Любопытным оказалось посещение дома-музея Циолковского, куда я почему-то — и совершенно напрасно — раньше не заглядывал. Наверное, опасался, что потону в елее. Напрасный страх. Никакого елея и в помине нет, впечатление страшное и горестное. Нашим гидом был директор музея, внук Циолковского, журналист. Он сразу сказал главное: дед был страшный человек. Фанатик и деспот. И шизофреник — последнее я вытянул из него с великим трудом. Проговорившись в главном, он прямо-таки зафонтанировал разоблачениями. Старший и одареннейший из сыновей Циолковского покончил самоубийством (цианистый калий), потому что мучительно стыдился пустых, как он полагал, занятий отца, считал их бредом самоучки и провидел в чем-то схожем собственную судьбу. Еще один сын покончил с собой в шизофреническом припадке, а еще один как-то подозрительно «надорвался». Мужское поколение всё оказалось нежизнеспособным. Одна из дочерей умерла в 24 года от чахотки, другие прожили бедную и тусклую жизнь. Свою бабку внук назвал «мученицей». Циолковский давал на содержание семьи ровно половину жалования провинциального учителя, другую тратил на издание своих брошюр. Он считал, что все беды его жизни компенсируются пиром идей, без устали осенявших лобастую голову. И тут он едва ли ошибался. Он был гениальный утопист и, как все утописты, порой попадал в яблочко реальности.
...Он все-таки дожил хотя бы до частичного признания (наград, чествований, газетных статей) — редкий случай в судьбе гениальных чудаков. Куда чаще слава осеняет неучей (Мичурин) или авантюристов (Лысенко). Жаль, что Циолковский так измазан сладкой слюной...

Русские люди (в массе своей) ненавидят, презирают и боятся друг друга. И на эту неизбывную сердечную тягость навалилась свинцовая доска окаянной власти. «Не хотим серьезного!», «Не хотим сложного», «Не хотим больного!». «Хотим сладких помоев!»
«Ну, а уж коли о серьезном, так чтоб — подделка, чтоб не трогала и не ранила...»

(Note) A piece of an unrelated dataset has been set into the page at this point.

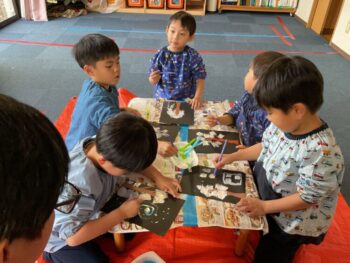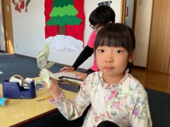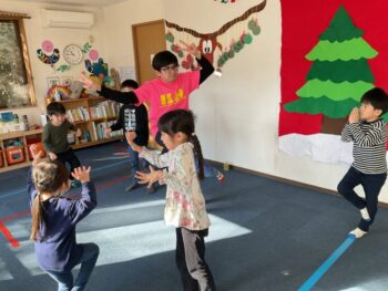 Ho ho ho! It’s almost Christmas, everyone! It’s also the last day of Kodomo no Mori’s Winter Camp. Today we started off by dancing to the ILH Original: “The Hello Song”. Then I challenged the kids with an “Animal tail quiz”! They had to guess which animal a tail belongs to. They got six out of seven questions right! They missed “fox” because their tails are so bushy. Still, great job!
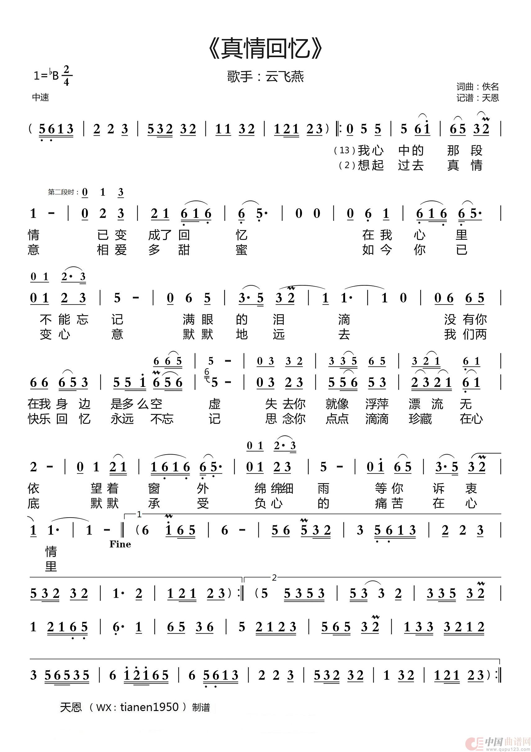 关于《《真情回忆》》曲谱的评论

Можно отменить всю систему государства, оставив только диктатора и охрану, ничего не изменится. Можно закрыть все газеты, журналы, издательства, музеи, театры, кино, оставив какой-нибудь информационный бюллетень и телевизор, чтобы рабы не слонялись без дела, гремя цепями. И конечно, должна быть водка, много дешевой водки.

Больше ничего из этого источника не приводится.